EXERCISE DESCRIPTION - In the records below, find the line that contains "Friends had told" and the line that contains "1. Sampai di". Set down exactly those lines and every line between them, and nothing more.
[DATA TO EXAMINE Boundary: Start]
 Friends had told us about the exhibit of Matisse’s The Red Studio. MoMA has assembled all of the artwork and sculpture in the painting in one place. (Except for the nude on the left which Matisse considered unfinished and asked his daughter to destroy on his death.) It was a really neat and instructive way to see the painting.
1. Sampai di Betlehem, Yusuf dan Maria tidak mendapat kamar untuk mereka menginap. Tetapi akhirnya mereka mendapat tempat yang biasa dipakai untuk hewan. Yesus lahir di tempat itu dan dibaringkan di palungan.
[DATA TO EXAMINE Boundary: End]
[DATA TO EXAMINE Boundary: Start]
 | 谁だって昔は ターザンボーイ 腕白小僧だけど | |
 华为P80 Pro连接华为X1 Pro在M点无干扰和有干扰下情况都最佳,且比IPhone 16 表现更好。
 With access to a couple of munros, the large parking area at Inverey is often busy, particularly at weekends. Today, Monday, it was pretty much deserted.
[DATA TO EXAMINE Boundary: End]
PROBLEM SOLUTION -
 Friends had told us about the exhibit of Matisse’s The Red Studio. MoMA has assembled all of the artwork and sculpture in the painting in one place. (Except for the nude on the left which Matisse considered unfinished and asked his daughter to destroy on his death.) It was a really neat and instructive way to see the painting.
1. Sampai di Betlehem, Yusuf dan Maria tidak mendapat kamar untuk mereka menginap. Tetapi akhirnya mereka mendapat tempat yang biasa dipakai untuk hewan. Yesus lahir di tempat itu dan dibaringkan di palungan.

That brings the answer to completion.